Meta Platforms (META) is entering 2026 with three catalysts that could drive re-rating and potential outperformance, with a bull-case valuation reaching $1,000 per share, Morgan Stanley said in a Thursday note.
The catalysts include anticipated revenue revisions, the company's 2026 operating expense guide, and new products from Meta's Superintelligence team.
Investor sentiment toward Meta has weakened due to concerns about revenue durability, rising costs and setbacks related to its Llama development, the brokerage said.

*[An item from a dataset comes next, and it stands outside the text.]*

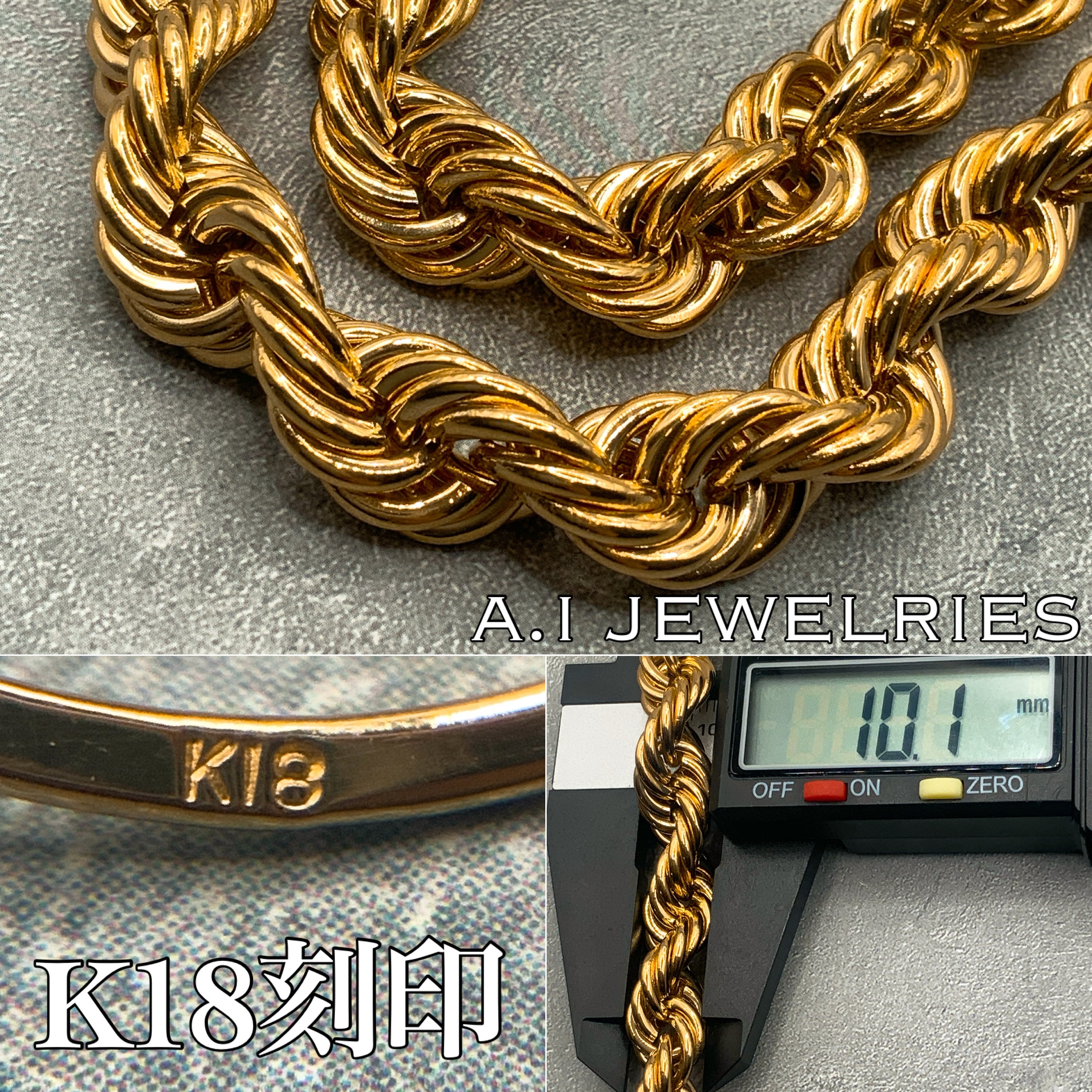 #K18 #18金 #金 #ロープチェーン #rope chain #ロープ #特大 #圧倒的存在感 #ロープネックレス #オシャレ #ネックレス #necklace #aijewelries #エイアイジュエリーズ #メンズジュエリー #10mm #55cm

The investment firm cut its 2026 and 2027 earnings per share forecasts by roughly 8% despite the bullish outlook, however, the analysts still expect Meta to reach about $33 in EPS in 2027.
Morgan Stanley expects Meta's 2026 to 2027 revenue to come in between 2% and 4% above consensus and said that upbeat Q4 guidance could reinforce confidence in the company's long runway for engagement, monetization, and platform improvements.
The firm raised its GAAP opex outlook to $155 billion for 2026 and $187 billion for 2027, following updated assumptions for infrastructure, hyperscaler spend and other related costs.
The market is undervaluing Meta's upcoming LLM developments, highlighting a frontier model anticipated in spring 2026, according to the note.
Morgan Stanley maintained an overweight rating on the stock but lowered its price target to $750 from $820.
Shares of Meta were down 0.3% in recent trading.